▶ Recorded information:

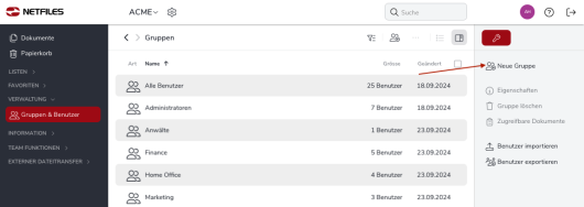 Im nächsten Schritt können Sie nun für die erstellten Gruppen Zugriffsrechte setzen.
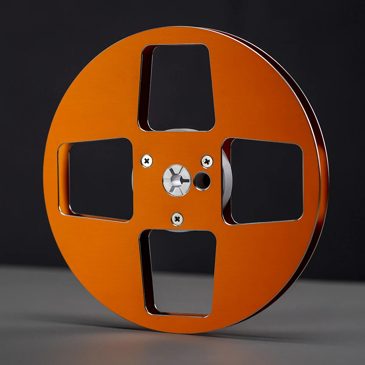 Elevate your recording experience with this 7-inch aluminum alloy empty tape reel, designed for 1/4-inch open reel tapes and compatible with reel-to-reel recorders from TEAC, AKAI, Pioneer, Studer, and ReVox. Crafted for durability and lightweight performance, it features multiple wind resistance holes, a smooth circular hub, and a slightly raised lip to secure tape securely. Its sleek blue finish adds a modern touch, making it an ideal replacement or repair part for professional audio equipment. Available in multiple vibrant colors—black, orange, purple, red, and silver—this universal reel ensures a perfect fit, enhanced sound quality, and reliable operation during recording, erasing, and rewinding.
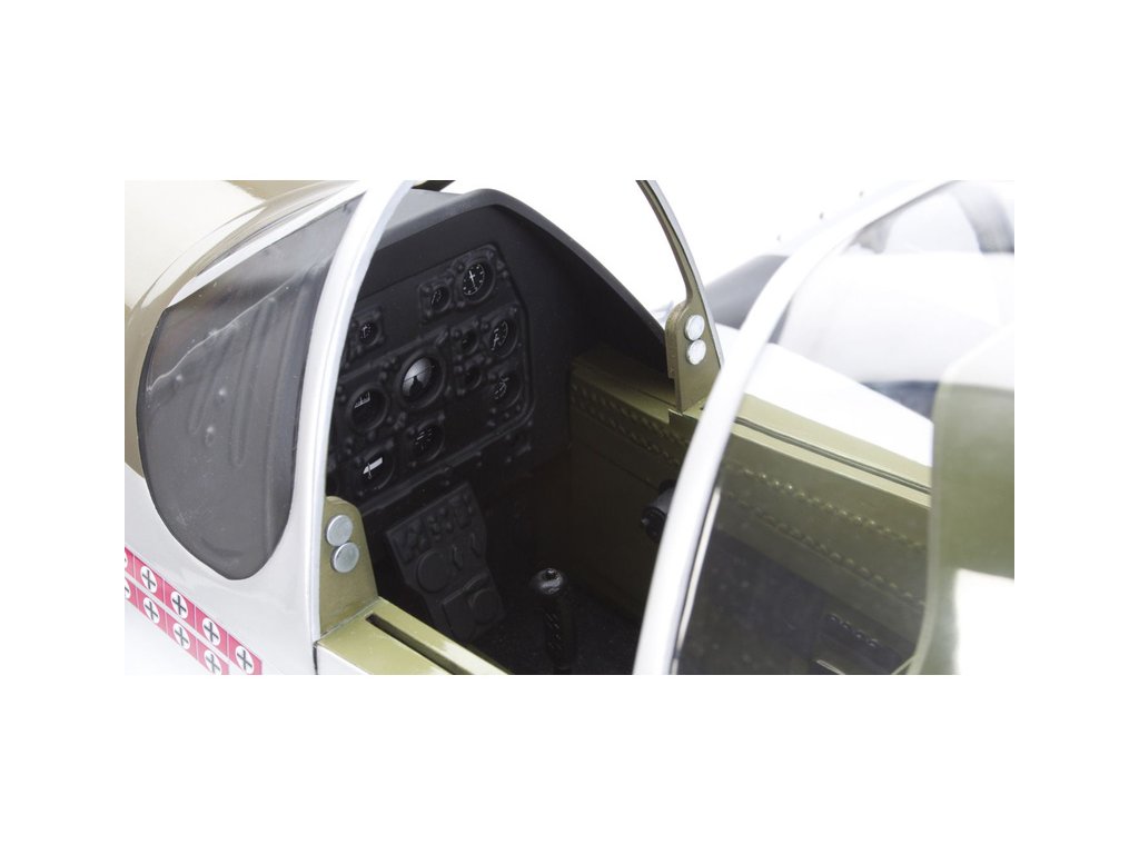 Přístrojová deska vypadá díky 3D výlisku velmi věrně, skládá se z několika částí. Součástí kokpitu jsou i boční panely, sedačka pro pilota a další maketové detaily.
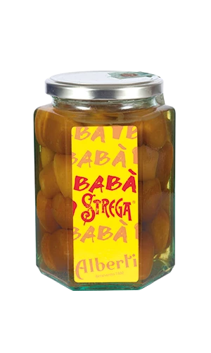 Ingredients: Water Sugar Liqueur witch (26%) (hydroalcoholic distillates of aromatic plants, water, sugar, saffron infusion) Babà (10%) [type “0” wheat flour, eggs, entirely vegetable margarine (vegetable oils and fats: palm and sunflower, water, acidity regulator: E330, flavorings), sugar, salt, natural yeast] Salt Acidity regulator: E330
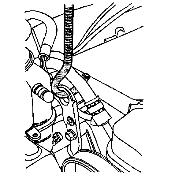 8. Remove the engine mount strut bracket. Refer to Engine Mount Strut Bracket Replacement (Upper Radiator Support) or Engine Mount Strut Bracket Replacement (Engine).
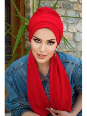 AİŞE TESETTÜR Kırmızı Atkılı Bone
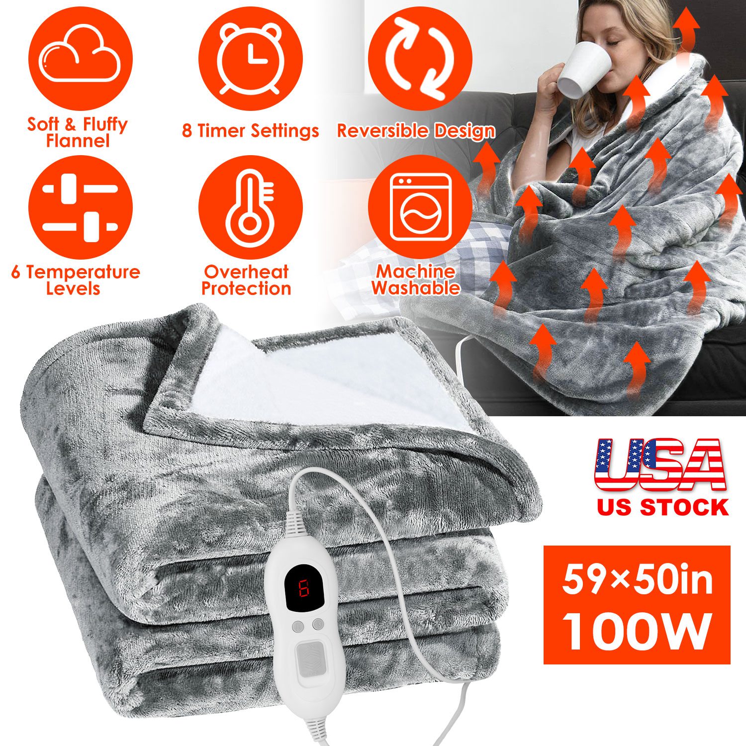 Electric Heated Flannel Throw Heated Blanket with 6 Heat Settings 1-8 Hours Auto off Washable for Home Office Usage 59x50in
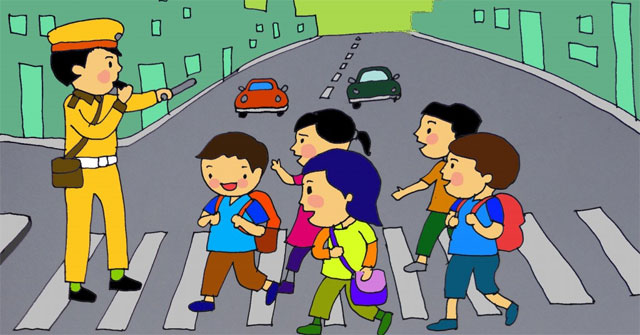 – Các cháu khi qua đường phải có người lớn dắt, không thì dễ xảy ra tai nạn.
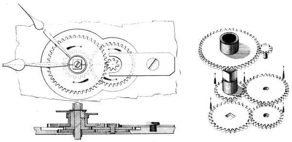 There are two great faults in the model. First is the lack of an adequate bearing for the barrel to turn on. There is only one very short bearing a long way removed from the point of engagement between 52 the pinion and internal gear, and no adequate support is given the barrel, with the result that it tends to deflect from the ideal or true position and to bind. This condition is aggravated by the fact that the ring gear was made by cutting its teeth on an angle to the axis around which it is to revolve, using only a saw of appropriate width. The teeth were then rounded-up to form by hand in a separate operation which by its very nature means that the teeth are not exactly alike. This lack of uniformity of the ring gear coupled with an entirely inadequate bearing for the barrel contributes to rather erratic transfer of power. These irregular teeth would not, of course, be a factor in factory-made watches where suitable machinery would be available for the work.
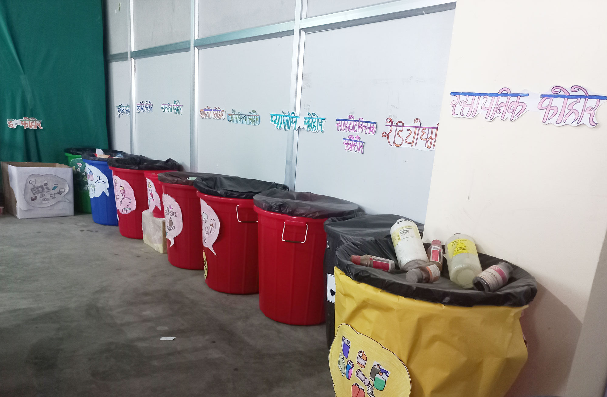 कुहिने फोहोर, नकुहिने फोहोर, संक्रमित फोहोर, धारिलो फोहोर, औषधिजन्य फोहोर, प्याथोलोजी फोहोर, साइटोटक्सिक फोहोर, रेडियोधर्मी फोहोर र रसायनिक फोहोरको बेग्ला बेग्लै डस्विन प्रयोग गरेर फोहोर व्यवस्थापनको अभ्यास पनि गरिएको छ ।
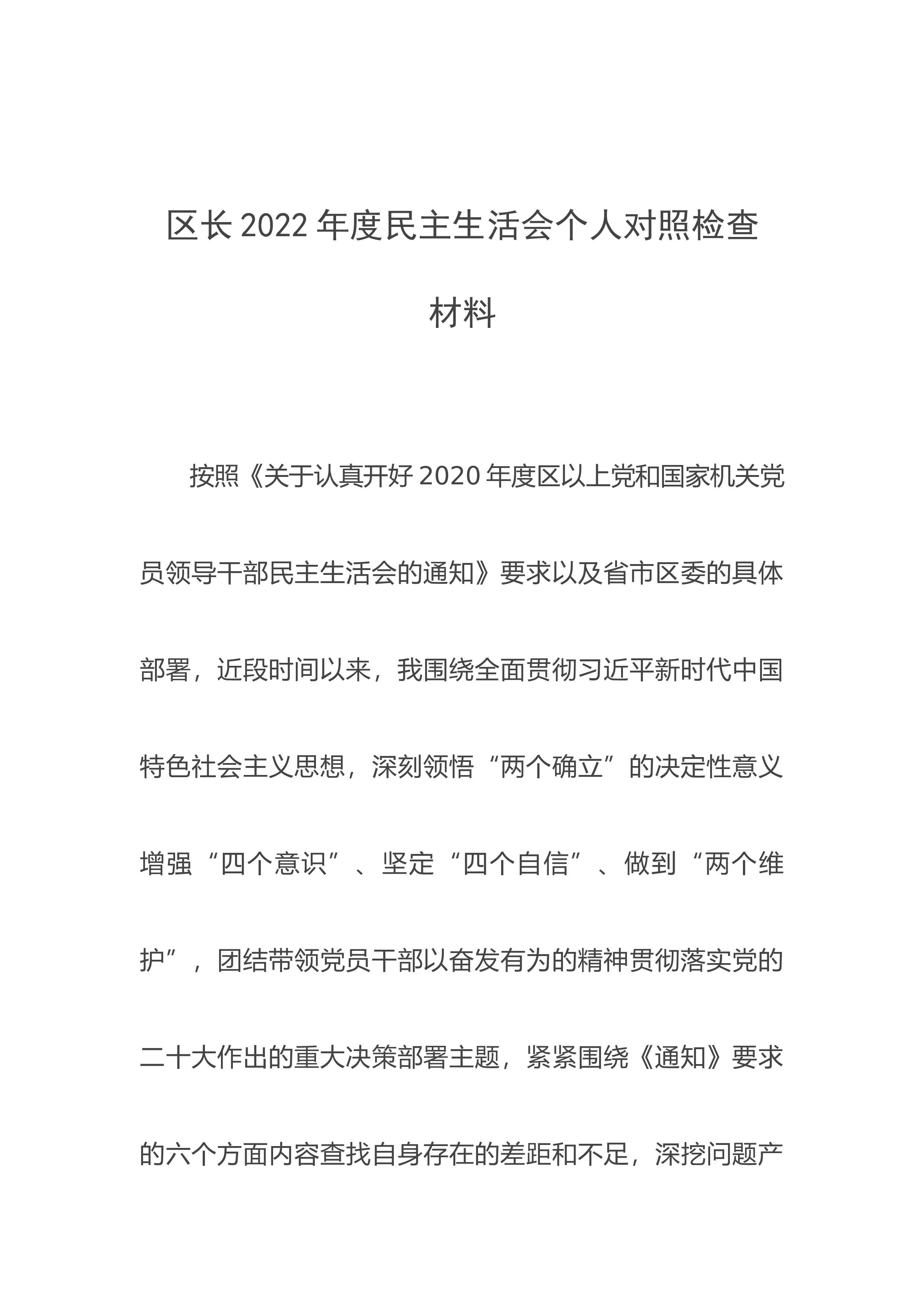 某县医院科室主任党员干部个人对照检查材料按照医院通知要求,近期我认真读原著、学原文、悟原理,深刻领会习近平新时代中国特色社会主义思想的历史地位和丰富内涵,结合自身思想工作实际,重点查找存在的突出问题并深刻剖析了问题产生的原因。通过问题查摆,进一步明确了努力方向,制定了整改措施。下面作个人剖析。一、检视剖析的问题(一)在深刻领悟“两个确立”的决定性意义、坚决做到“两个维护”方面。作为县医院放射科的主任,能够自觉拥护“两个确立”、坚决做到“两个维护”,工作中够积极参加医院组织各类党建教育活动,不断提升个人医生职业道德和职业素养。但对照更高标准,还存在一些不足:一是理解不深。从“两个维护”的高度来审...

▶ Task item:
Nothing but the lines above, starting at the line that contains "Elevate your recording" and ending at the line that contains "ra tai nạn.", should be given again, exactly and without the pictures.

▶ Answer to this exercise:
 Elevate your recording experience with this 7-inch aluminum alloy empty tape reel, designed for 1/4-inch open reel tapes and compatible with reel-to-reel recorders from TEAC, AKAI, Pioneer, Studer, and ReVox. Crafted for durability and lightweight performance, it features multiple wind resistance holes, a smooth circular hub, and a slightly raised lip to secure tape securely. Its sleek blue finish adds a modern touch, making it an ideal replacement or repair part for professional audio equipment. Available in multiple vibrant colors—black, orange, purple, red, and silver—this universal reel ensures a perfect fit, enhanced sound quality, and reliable operation during recording, erasing, and rewinding.
 Přístrojová deska vypadá díky 3D výlisku velmi věrně, skládá se z několika částí. Součástí kokpitu jsou i boční panely, sedačka pro pilota a další maketové detaily.
 Ingredients: Water Sugar Liqueur witch (26%) (hydroalcoholic distillates of aromatic plants, water, sugar, saffron infusion) Babà (10%) [type “0” wheat flour, eggs, entirely vegetable margarine (vegetable oils and fats: palm and sunflower, water, acidity regulator: E330, flavorings), sugar, salt, natural yeast] Salt Acidity regulator: E330
 8. Remove the engine mount strut bracket. Refer to Engine Mount Strut Bracket Replacement (Upper Radiator Support) or Engine Mount Strut Bracket Replacement (Engine).
 AİŞE TESETTÜR Kırmızı Atkılı Bone
 Electric Heated Flannel Throw Heated Blanket with 6 Heat Settings 1-8 Hours Auto off Washable for Home Office Usage 59x50in
 – Các cháu khi qua đường phải có người lớn dắt, không thì dễ xảy ra tai nạn.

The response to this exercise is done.